Turnitin is an online plagiarism checking tool that compares your work with existing online publications.

To gain access:

Request access to the Plagiarism-Check Blackboard site
Access to this site will be continuous throughout your time in GMS

How it works:

Upload your papers to Blackboard Learn to check for similarity index
Submit multiple versions of papers, take home assignments, theses or dissertations and rewrite text as needed

Extended Directions:

You will be asked to give your name, email BUID and the submission type (i.e. Dissertation, Thesis or Paper) and your GMS program affiliation.
After verifying you are not a robot, you be should sent to a new page and get a notification saying “We have received your request to be added to the plagiarism check Blackboard Learn site.” It will take some time for your request to be approved (at least 10 min, possibly 24 hr). The next time you log in to Blackboard, under ‘My Courses’ in the right-hand column you should see the entry: “GMS Plagiarism Check”.
Then click on “>> View/Complete” (The first time you use Turnitin it will ask you to agree the user agreement). If you have never submitted a document before there should be a submit button. If you have submitted before you will need to click the resubmit button to submit your new or revised document. You may get a warning that resubmitting will replace your earlier submission. It also reminds you that you can only upload 3 documents in 24 hours.
You can browse to find the document on your computer then click ‘upload’
You will get a message saying it may take up to 2-min to load
Once the document is loaded be sure to click on ‘confirm’
You should get a congratulatory message. (You will also get an email confirming the successful submission.)
Click on the link to return to submission list
You will likely see that your document ‘similarity’ index is ‘processing.’ The algorithm may take a few hours to run. You will need check back and see when it has finished.
Press “view” on the far right to see the submitted manuscript with Turnitin’s Feedback Studio which has some interesting automation features.
Alternatively, you can download the results with the arrow icon on the far right of the display
NOTE: Students cannot submit more than 3 documents in a 24hour period. Please plan accordingly or use an alternatively resource like Turnitin Draft Coach alternative via Google Doc
It is recommended that you remove the bibliography/references prior to submission to Turnitin.
Because Turnitin cannot scan Images and Figures these can also be removed prior to the check. You must manually check images and figures for plagiarism and potential copyright violations.
Published manuscripts should be removed from your thesis or dissertation prior to submission to Turnitin, assuming that they have already been analyzed by Turnitin. If they have not been, they should be included. Unpublished manuscripts should be included in your submission to Turnitin. • How to interpret a “Turnitin Originality Report”

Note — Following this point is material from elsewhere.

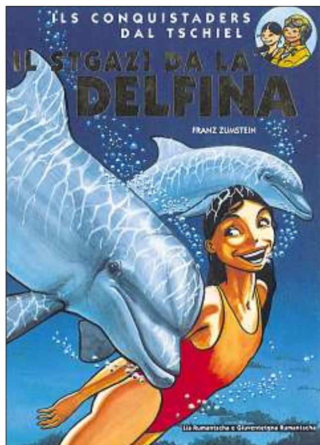
Frontispizi dal cudesch «Il stgazi da la Delfina» (2004).

Per ina pagina d'in comic dovra l'illustratur Franz Zumstein radund trais dis. Il dissegn cun rispli, il dissegn cun tusch, la coluraziun – mintga pass dovra var sis fin ogt uras temp, damai totalmain 18 fin 24 uras. Inclusive il tiel ed il fegl da guardia, che pretendan medemamain trais dis, impund'ins per in cudesch da comic da 46 paginas radund 1000 uras da lavur, ubain 144 dis u 24 emnas. Latiers vegnan anc tut las uras che l'autur dovra per rimnar material, per concepir il cudesch, per survegliar ils pass da stampa, per sesidas, referats, uras per dar autograms, lavurs da medias, corrispondenza, lavur da biro etc. En media dissegna ed edescha Franz Zumstein in cudesch per onn.

How to Interpret Your Score Report

Similarity index, Similarity by Source, Internet Sources, Publications, & Student Papers
Generally, the similarity index should be less than 20%.
A common definition may be acceptable.
Did it identify methods or protocols from your lab? These will need to be rewritten.
Did it identify matches to publications or text from the internet—again these sentences, paragraphs, sections will need to be rewritten
If you have any questions interpreting the Turnitin report please reach out to your faculty mentors.
Once you have made edits it is important to resubmit the document for a final check.
The final Turnitin report should be submitted to your mentor and first reader for approval.
Having problems with Turnitin: Reach out to Dr. Theresa Davies for assistance ( [email protected] )

Frequently asked questions

How do i exclude irrelevant similarities from my similarity score.

Exclude similarities : Step 1: Open your Plagiarism Check results. Step 2: Click on the highlighted similarity that you would like to exclude. Step 3: Click on the “Exclude” button on the right.

The similarity is now excluded from your total similarity score.

If you have excluded multiple sources from your total similarity score, then you might see an error message in your Plagiarism Check results. Unfortunately, this is a problem that we cannot fix at the moment.

If you encounter this issue, you can simply ignore all irrelevant similarities and subtract their score from your total similarity score. This allows you to calculate your actual similarity score by yourself.

Frequently asked questions: Scribbr Plagiarism Checker

The free report tells you if your text contains potential plagiarism and other writing issues. The premium report gives you the resources you need to review issues in detail and resolve them.

Scribbr’s free plagiarism checker estimates the risk of plagiarism by calculating the percentage of text in your document that’s similar to other sources.

A moderate or high risk of plagiarism means that the plagiarism software detected several similarities worth reviewing.

Note that similarities are not necessarily plagiarism. You will need to decide on your own whether your text needs revision or citation.

Information can often be found in more than one place. For this reason, other sources citing the same information you used can come up in your Sources Overview.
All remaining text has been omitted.